「岸井先生~質問でぇす!!最近佐武先生はどうしたんですか?」
亜美のその言葉に一瞬岸井先生の表情が変わった。
厳しい表情だった。
そして考えるように無言になった。
「佐武先生…どうかしたの?」
私が聞くと岸井先生は“うーん”と言ってまた考えていた。
しかし決心がついたのか私たちに話してくれた。
「これは言っていいことか分からないんだが…葵ちゃんが自殺未遂した日に佐武くんは倒れたんだ。」
えっ…?
岸井先生のその言葉に私も亜美も信じられなかった。
嘘…倒れた?
私が自殺未遂した日に…?
「岸井くんは今、三階に入院しているよ。

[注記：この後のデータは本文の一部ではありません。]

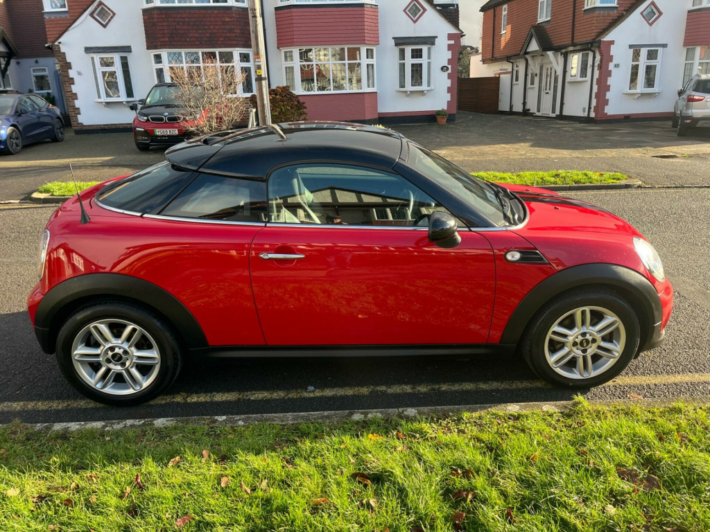STUNNING LOOKING LOW MILEAGE COUPE AUTO, JUST BEEN SERVICED WITH ALL MOT ADVISERIES ATTENDED TO. Discover this charming 2014 MINI Coupe Cooper, a vehicle that stands out with its remarkably low mileage of just 52,000 miles, a true testament to its careful ownership over the years. This particular model, a Cooper variant, is powered by an efficient 1.6L petrol engine and meets the Euro 6 emission standards. It comes equipped with a multifunction steering wheel for convenient control, stylish 16 inch Light 6 Star Twin Spoke alloy wheels, and rear parking sensors to assist with manoeuvring. Inside, you'll find manual air conditioning to keep you comfortable and a rain sensor that automatically activates the headlights, ensuring visibility in changing conditions.This MINI Coupe Cooper offers several advantages that make it a compelling choice. Its low insurance group rating means more affordable running costs, while the impressive fuel economy of 44 miles per gallon highlights its efficiency for everyday driving. Furthermore, its low CO2 emissions contribute to a more environmentally conscious motoring experience. With only three previous owners and its low mileage for a 2014 vehicle, this MINI Coupe Cooper presents a well maintained and economical option for those seeking a distinctive and practical car. ili pack, 16in alloy wheels - light 6-star twin spoke, air conditioning - automatic, seats - sports front, multifunction controls for steering wheel, front fog lights, colour line - carbon black, chrome line exterior, interior light pack, rain sensor and automatic headlight activation, roof and mirror caps - black, cloth-leather ray - carbon black, 15in alloy wheels - light 7-hole, 3-spoke sport leather steering wheel, 3rd brake light, asc+t - automatic stability control and traction, air conditioning - manual, airbags - driver, airbags - front passenger, airbags - front passenger with deactivation switch, airbags - head and thorax, alarm - thatcham cat1, anthracite headlining, anti-lock braking system - abs, automatic door window lowering by approx 6mm when door opens, aux-in connection, body coloured fuel filler cap in rear right side panel - linked to central locking, brake force display, brake pad wear indicator, cbc - cornering brake control, car jack, central locking - activated at 10mph, central locking - remote, chrome strip across lower front apron, crash sensor - fuel cut-off, crash sensor - hazard warning flashers and interior light, crash sensor - unlocking doors, cupholders - two in front, dab tuner, decorative rings surrounding dashboard instruments, door handles - chrome plated, door handles - interior - chrome plated, door mirrors - electrically adjustable and heated, door sill finishers - metal look and model dependent lettering, dynamic stability control - dsc, ebd - electronic brake-force distribution, electric windows - front - one touch up and down, electronic power steering - speed related, embellisher at bottom edge of all windows - chrome plated, exhaust tailpipe - visible - single - right with chrome finisher, gearshift lever knob plastic with chrome ring, gearshift-selector lever and handrake lever gaiters in sensatec, halogen lights for low beam and high beam headlights, handbrake-lever grip - plastic with chrome plated handbrake push button, headlight - beam-throw control electrical with manual adjustment, headlights - chrome bezels, headlights - follow me home, headrests for all seats - manually adjustable, heated front windscreen washer jets, heated rear window with automatic deactivation, heater with mechanical control and recirculating-air button, hill assist, interior lighting integrated into centre front headliner above interior mirror, interior mirror - mechanical anti-dazzle, interior surface in fine white silver and door rings in black, interior world - carbon black, knee roll in hard plastic on dashboard in carbon black, lashing eyes in luggage compartment, luggage compartment - light, luggage compartment - partition with large through-loading door, mini mobility system, minimalism fuel saving technology, microfilter, multiple control arm rear axle, non smoker package, pdc - park distance control - rear, passenger seat height adjustable, personal profile, radiator grille - chrome plated, radio boost cd, roof spoiler painted in roof colour, seats - height adjustable front, security locking wheel bolts, side air inlets black with integrated white indicator, sills-bumper edges-wheel arches - black with model-specific bumper trims, single joint spring strut front axle, spoiler - active rear (speed related), sport button, sport stripes - black, start-stop button, steering column height and length adjustment, storage options in the trim panels of each front panel as well as centre console, sun visors with integrated vanity mirrors on drivers and passengers sides, tpws - tyre pressure warning system, tailgate handle - chrome plated, tool kit in luggage compartment

」
それを聞いて亜美が
「行こう、葵!」
と言った。私も行きたかった。
幸斗のことが心配だった。
「うん。」
私と亜美は岸井先生から幸斗の詳しい病室を聞いて私の病室を出た。
私の病室は二階。
近くにある階段を登って幸斗の病室を探した。
幸斗の病室は305号室。
一部屋、一部屋確認しながら歩いて305号室を見つけた。
「あった、ここだ!!」
扉のプレートを確認すると確かに佐武幸斗とかかれていた。
病室に入る前に一呼吸して亜美と目をあわせた。
そしてコクリと頷くと、亜美が扉をノックした。